### Activity
Look through the records below for the line with "見附島でガイド付きの見学を終". Return that line and each one after it up to and including the line with "川岛屋奶油风餐具碗碟套装家用2025新款碗盘碗筷乔迁之喜新居礼物", exactly.

### Records for processing
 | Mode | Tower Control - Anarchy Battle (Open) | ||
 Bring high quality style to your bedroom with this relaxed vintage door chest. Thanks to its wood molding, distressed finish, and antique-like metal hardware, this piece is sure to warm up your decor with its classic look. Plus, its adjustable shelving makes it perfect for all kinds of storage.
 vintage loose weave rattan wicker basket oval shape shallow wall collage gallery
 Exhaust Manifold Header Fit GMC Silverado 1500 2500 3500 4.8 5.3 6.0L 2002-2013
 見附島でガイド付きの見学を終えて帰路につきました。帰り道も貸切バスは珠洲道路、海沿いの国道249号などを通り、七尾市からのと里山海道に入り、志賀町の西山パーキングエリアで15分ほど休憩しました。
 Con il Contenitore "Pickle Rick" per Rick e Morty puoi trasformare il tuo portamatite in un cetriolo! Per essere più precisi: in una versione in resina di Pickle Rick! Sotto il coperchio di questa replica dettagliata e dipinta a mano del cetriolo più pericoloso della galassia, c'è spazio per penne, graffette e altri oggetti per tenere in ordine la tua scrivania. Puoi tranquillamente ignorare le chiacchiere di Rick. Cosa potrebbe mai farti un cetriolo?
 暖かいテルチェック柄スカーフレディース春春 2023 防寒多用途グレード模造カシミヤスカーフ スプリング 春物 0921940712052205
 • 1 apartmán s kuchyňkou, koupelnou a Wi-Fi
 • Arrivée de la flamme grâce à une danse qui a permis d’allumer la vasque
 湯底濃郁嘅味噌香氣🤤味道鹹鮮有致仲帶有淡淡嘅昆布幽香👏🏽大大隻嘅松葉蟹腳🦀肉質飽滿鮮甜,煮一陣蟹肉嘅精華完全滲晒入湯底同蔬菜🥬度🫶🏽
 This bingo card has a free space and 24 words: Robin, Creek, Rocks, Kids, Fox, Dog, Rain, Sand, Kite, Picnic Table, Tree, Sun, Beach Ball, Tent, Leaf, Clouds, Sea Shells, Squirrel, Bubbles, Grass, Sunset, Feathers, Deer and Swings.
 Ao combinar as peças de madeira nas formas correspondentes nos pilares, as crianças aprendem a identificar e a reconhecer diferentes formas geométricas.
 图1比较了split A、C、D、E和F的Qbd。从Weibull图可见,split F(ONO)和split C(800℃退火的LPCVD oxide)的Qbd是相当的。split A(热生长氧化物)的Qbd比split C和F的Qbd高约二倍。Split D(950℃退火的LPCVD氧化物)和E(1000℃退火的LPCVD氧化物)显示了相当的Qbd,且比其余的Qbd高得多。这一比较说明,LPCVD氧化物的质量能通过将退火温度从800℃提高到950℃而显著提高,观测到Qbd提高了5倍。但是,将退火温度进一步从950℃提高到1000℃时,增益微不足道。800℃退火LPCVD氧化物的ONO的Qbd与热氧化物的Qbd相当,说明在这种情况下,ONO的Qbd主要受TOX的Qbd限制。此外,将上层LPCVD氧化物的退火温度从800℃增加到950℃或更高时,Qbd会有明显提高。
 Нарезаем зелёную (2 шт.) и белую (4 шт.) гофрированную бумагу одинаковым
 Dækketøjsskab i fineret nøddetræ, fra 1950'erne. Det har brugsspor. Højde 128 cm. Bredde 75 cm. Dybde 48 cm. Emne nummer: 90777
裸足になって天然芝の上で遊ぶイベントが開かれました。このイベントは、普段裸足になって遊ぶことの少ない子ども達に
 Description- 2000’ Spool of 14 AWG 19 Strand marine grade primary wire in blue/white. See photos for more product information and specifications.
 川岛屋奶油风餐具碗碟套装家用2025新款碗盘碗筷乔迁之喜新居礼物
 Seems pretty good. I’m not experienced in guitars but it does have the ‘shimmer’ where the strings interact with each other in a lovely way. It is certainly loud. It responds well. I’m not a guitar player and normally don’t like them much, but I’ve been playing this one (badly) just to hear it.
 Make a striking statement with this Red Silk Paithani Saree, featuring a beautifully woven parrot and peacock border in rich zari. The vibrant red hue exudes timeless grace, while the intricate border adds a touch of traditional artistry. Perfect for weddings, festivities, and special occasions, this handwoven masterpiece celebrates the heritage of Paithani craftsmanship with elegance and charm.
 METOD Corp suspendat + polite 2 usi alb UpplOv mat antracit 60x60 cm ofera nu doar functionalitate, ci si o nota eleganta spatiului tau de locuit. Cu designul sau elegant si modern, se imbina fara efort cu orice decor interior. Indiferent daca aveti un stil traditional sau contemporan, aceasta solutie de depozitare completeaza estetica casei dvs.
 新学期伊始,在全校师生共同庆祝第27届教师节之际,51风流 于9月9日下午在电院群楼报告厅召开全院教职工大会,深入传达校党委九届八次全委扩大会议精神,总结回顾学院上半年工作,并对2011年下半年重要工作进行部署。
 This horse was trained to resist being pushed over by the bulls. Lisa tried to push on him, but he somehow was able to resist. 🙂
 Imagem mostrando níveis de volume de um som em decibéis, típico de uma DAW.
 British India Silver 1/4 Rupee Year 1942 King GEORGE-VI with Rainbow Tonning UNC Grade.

### Answer
 見附島でガイド付きの見学を終えて帰路につきました。帰り道も貸切バスは珠洲道路、海沿いの国道249号などを通り、七尾市からのと里山海道に入り、志賀町の西山パーキングエリアで15分ほど休憩しました。
 Con il Contenitore "Pickle Rick" per Rick e Morty puoi trasformare il tuo portamatite in un cetriolo! Per essere più precisi: in una versione in resina di Pickle Rick! Sotto il coperchio di questa replica dettagliata e dipinta a mano del cetriolo più pericoloso della galassia, c'è spazio per penne, graffette e altri oggetti per tenere in ordine la tua scrivania. Puoi tranquillamente ignorare le chiacchiere di Rick. Cosa potrebbe mai farti un cetriolo?
 暖かいテルチェック柄スカーフレディース春春 2023 防寒多用途グレード模造カシミヤスカーフ スプリング 春物 0921940712052205
 • 1 apartmán s kuchyňkou, koupelnou a Wi-Fi
 • Arrivée de la flamme grâce à une danse qui a permis d’allumer la vasque
 湯底濃郁嘅味噌香氣🤤味道鹹鮮有致仲帶有淡淡嘅昆布幽香👏🏽大大隻嘅松葉蟹腳🦀肉質飽滿鮮甜,煮一陣蟹肉嘅精華完全滲晒入湯底同蔬菜🥬度🫶🏽
 This bingo card has a free space and 24 words: Robin, Creek, Rocks, Kids, Fox, Dog, Rain, Sand, Kite, Picnic Table, Tree, Sun, Beach Ball, Tent, Leaf, Clouds, Sea Shells, Squirrel, Bubbles, Grass, Sunset, Feathers, Deer and Swings.
 Ao combinar as peças de madeira nas formas correspondentes nos pilares, as crianças aprendem a identificar e a reconhecer diferentes formas geométricas.
 图1比较了split A、C、D、E和F的Qbd。从Weibull图可见,split F(ONO)和split C(800℃退火的LPCVD oxide)的Qbd是相当的。split A(热生长氧化物)的Qbd比split C和F的Qbd高约二倍。Split D(950℃退火的LPCVD氧化物)和E(1000℃退火的LPCVD氧化物)显示了相当的Qbd,且比其余的Qbd高得多。这一比较说明,LPCVD氧化物的质量能通过将退火温度从800℃提高到950℃而显著提高,观测到Qbd提高了5倍。但是,将退火温度进一步从950℃提高到1000℃时,增益微不足道。800℃退火LPCVD氧化物的ONO的Qbd与热氧化物的Qbd相当,说明在这种情况下,ONO的Qbd主要受TOX的Qbd限制。此外,将上层LPCVD氧化物的退火温度从800℃增加到950℃或更高时,Qbd会有明显提高。
 Нарезаем зелёную (2 шт.) и белую (4 шт.) гофрированную бумагу одинаковым
 Dækketøjsskab i fineret nøddetræ, fra 1950'erne. Det har brugsspor. Højde 128 cm. Bredde 75 cm. Dybde 48 cm. Emne nummer: 90777
裸足になって天然芝の上で遊ぶイベントが開かれました。このイベントは、普段裸足になって遊ぶことの少ない子ども達に
 Description- 2000’ Spool of 14 AWG 19 Strand marine grade primary wire in blue/white. See photos for more product information and specifications.
 川岛屋奶油风餐具碗碟套装家用2025新款碗盘碗筷乔迁之喜新居礼物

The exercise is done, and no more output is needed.